Friday, August 31, 2018

Key Strategy Tools: The 80+ Tools for Every Manager to Build a Winning Strategy 1st Edition by Vaughan Evans (FT Press)



This is a collection of strategy models like Porter's 5 Forces or the BCG Matrix but it's more than that. The author has written a strategy handbook on how to use these models as practical tools. Strategy models are a diverse bunch and they relate to anything from how to set up a distribution chain, to employee knowledge management, to competitive positioning to... well as I said, almost anything. Vaughn Evans, a management consultant and former banker and economist, presents a framework that puts each tool in a natural context. This framework is in itself an excellent tool that displays how various strategy niches fit together. To me this framework is actually one of the main contributions of the book. True, some of the tools presented to a certain extent have to be squeezed into one of the niches, but that's easily forgiven.

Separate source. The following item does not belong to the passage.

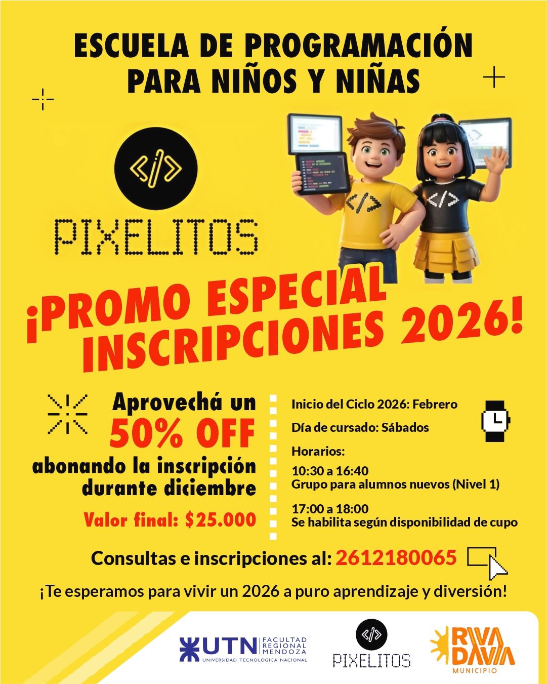 Rivadavia vuelve a apostar por la educación tecnológica con una propuesta que busca acercar la programación a niñas y niños del departamento. La Escuela de Programación anunció una promoción especial para quienes se inscriban durante diciembre: un descuento del 50% en la matrícula, dejando el valor final en $25.000.
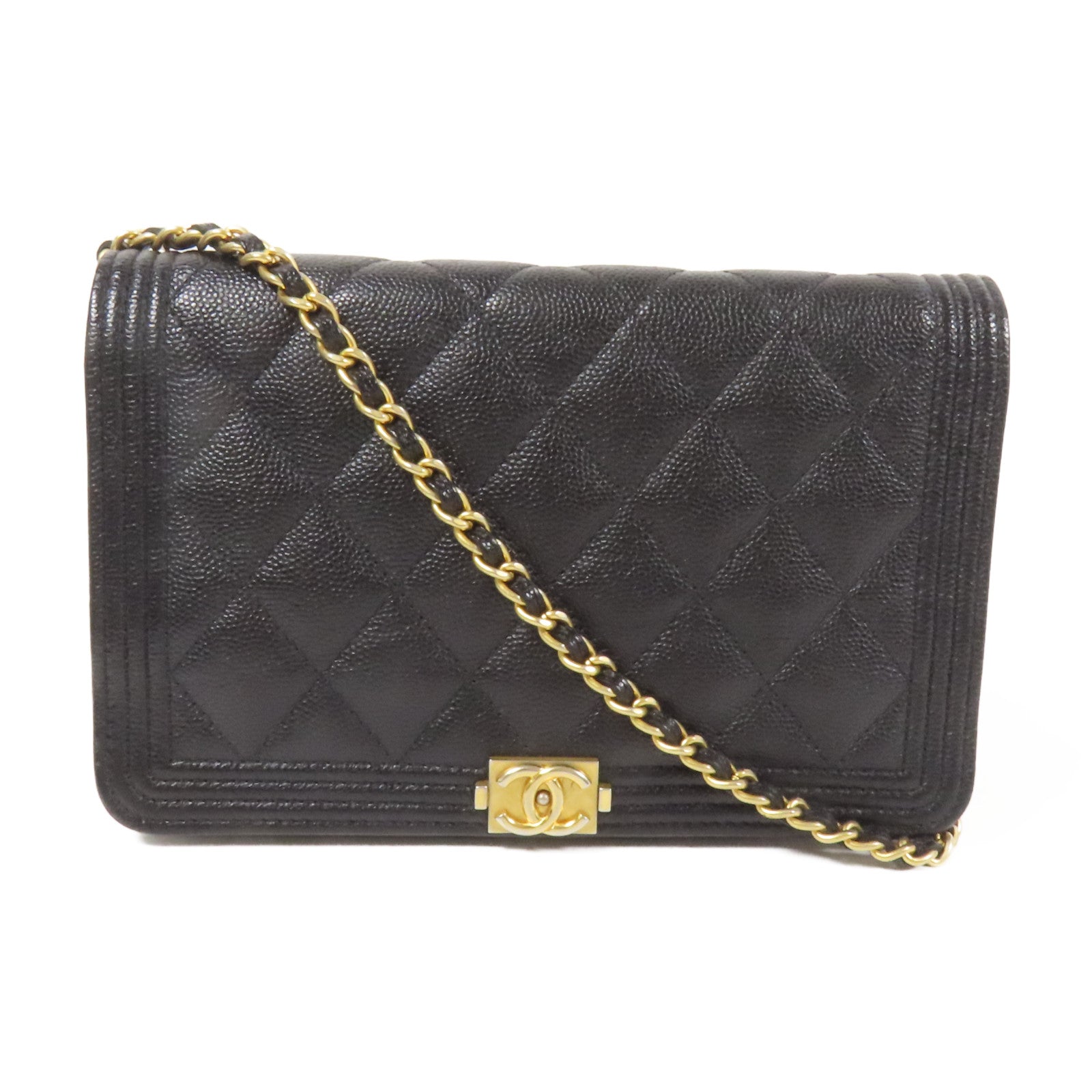 CHANEL 牛皮皮革Boy WOC金扣鏈帶肩背袋

This framework is not only a categorization but also a step by step manual for how to develop a coherent corporate strategy. The only issues hindering this book from being the CEO's one stop shop are the lack of advice on strategy implementation/execution and also of more mundane lower level tools concerning procurement, production, distribution etc. No matter, the new CEO at least got half of his job covered by Evans text.

As the chapters progress and follow the framework the author at times arrives at necessary tasks related to forming a strategy that has not been covered by a fancy matrix from Michael Porter, McKinsey or Peters & Waterman. Instead of jumping to the next task Evens simply writes a short text on the job at hand, calls it a tool and moves on. Even if some of Evans 88 strategy tools are more to be characterized as concepts such as DCFs, tipping points, Taleb's Black Swan, price elasticity etc. that the author thinks the corporate manager should know of and use, the fact that no step in the process are skipped makes it possible to build a strategy from the text. Evans also contributes a couple of "proper" tools of himself of which I will use the Suns and Clouds chart frequently in the future.

Despite the pocket book like appearance this book contains 339 rather packed pages and since every tool is summarized the text is rather fact rich. This could be a heavy text if the writing hadn't been so fluent, at times helped by small pinches of dry humour. The framing of the models also make the reading easier and for those who don't want to dwell too much on alternative models Evans has picked out those he thinks are the most important ones to use at each step of the strategy formulation. If I could have wished for something more it would have been more pointed tips for further reading. As it is now there are references presented for each rather long chapter and it's not always clear which of these books if any that relate to the tool you wanted to study further.

It's hard to pick out favourites out of all the models presented. However, the manual for corporate acquisitions is simple but excellent. If all those involved in M&A historically had followed it serious amounts of shareholders money would have been saved. I also appreciated a trio of connected tools called Customer Purchasing Criteria, Key Success Factors and Rating Competitive Position. Here you first identify what customers need from a product (the CPCs), then what a company and its competitors has to do to deliver the CPC (i.e. the KSFs) and lastly you weigh the KSFs according to their importance and rank all the relevant competitors on how they fulfil them. This gives a highly revealing picture of the competitive position of a company. I also feel I have to read more about the Blue Ocean strategy.

On top of getting a reference toolbox of strategy models and a manual for strategy formulation those who read the book cover to cover also receive a useful crash course on the history of strategy and management theories. This book will be the first one I return to whenever a task of strategic nature has to be handled.